Утром на десятые сутки после смерти гроб поместили на лафет и на вороных лошадях отвезли в Вестминстер-холл. В траурном кортеже из-за войны, присутствовало не так много представителей других государств. Хотя даже враги прислали через представлявшие их интересы шведское, швейцарское и американское посольства телеграммы с соболезнованиями.

Между двух шеренг одетых в парадное красное гренадеров, двигался артиллерийский лафет с гробом, который тянули лошади королевского артиллерийского полка. Рядом с лафетом и сразу ним двигались личные адъютанты короля, последним из которых в одиночестве шел адмирал Фишер, большой друг покойного короля.

За адъютантами шли строем представители гвардейских полков.
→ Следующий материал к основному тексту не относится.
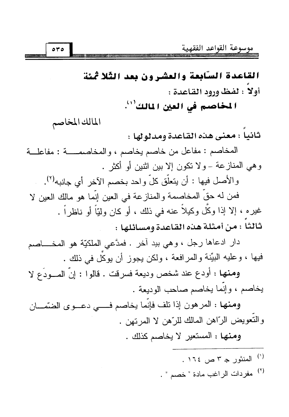 القاعدة السّابعة والعشرون بعد الثّلاثمئة [المالك المخاصم]

В связи с тем, что часть гвардии была на фронте, строй пехоты и кавалерии составляли не более двух сотен солдат и офицеров, среди которых выделялись своим необычным видом взвод французских альпийских стрелков, в зеленом обмундировании и беретах на голове.

Армейский строй замыкала ведомая двумя грумами любимая лошадь короля, с пустым седлом и перевернутыми сапогами в стременах.
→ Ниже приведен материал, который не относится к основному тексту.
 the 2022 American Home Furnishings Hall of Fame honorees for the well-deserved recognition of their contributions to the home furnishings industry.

Затем шла короткая торжественная процессия в старинных костюмах и конный строй присутствующих высоких особ, включая нового короля Георга Пятого и брата покойного короля – герцога Коннотского, и карета с овдовевшей королевой. Под печальные звуки «Марша смерти» из «Саула» кортеж проследовал к Вестминстерскому аббатству. После короткой службы королевская семья уехала, и зал был открыт для публики. А еще через два дня королевский поезд доставил гроб короля из Лондона в Виндзорский замок, где Эдуард был похоронен в часовне Святого Георгия.

Для Британской Империи наступили новые времена…

Россия. Москва. Пер. Каланчовский. Май 1910 г.

Он не любил Москву. Ни ТОГДА, когда это было сосредоточение всего старого и консервативного. Ни сейчас, когда этот город вызывал в нем воспоминания о первых, самых трудных днях жизни в ЭТОМ времени. Ни Ливадия, ни Севастополь таких переживаний не вызывали. Только Москва. Но иногда с этим приходилось мириться. Например, как сейчас, когда об аудиенции попросили практически одновременно обер-прокурор Синода и митрополит Московский. Пришлось заехать в этот нелюбимый город.

Впрочем, все желающие встретиться с Его Императорским Величеством ждали поезд в здании Царского павильона.

Первым аудиенцию получил обер-прокурор Синода Извольский, попавший на свою должность по предложению его брата, товарища министра иностранных дел Александра Извольского. Прекрасно образованный, внешне похожий на своего брата, Петр Петрович увлекался историей церкви и даже степень кандидата Санкт-Петербургского университета получил за диссертацию о святом Франциске Ассизском. До сегодняшнего дня личные встречи Николая с ним ограничивались разговором при вступлении в должность. Особенных причин для встреч с ним по его вопросам до сего дня не было, обер-прокурор, в отличие от Победоносцева, на какое-либо политическое влияние не претендовал. С церковными членами Синода у него, по сведениям, поступающим к Николаю, отношения складывались хорошие. Именно поэтому император решил обязательно встретиться и узнать, что же такого произошло.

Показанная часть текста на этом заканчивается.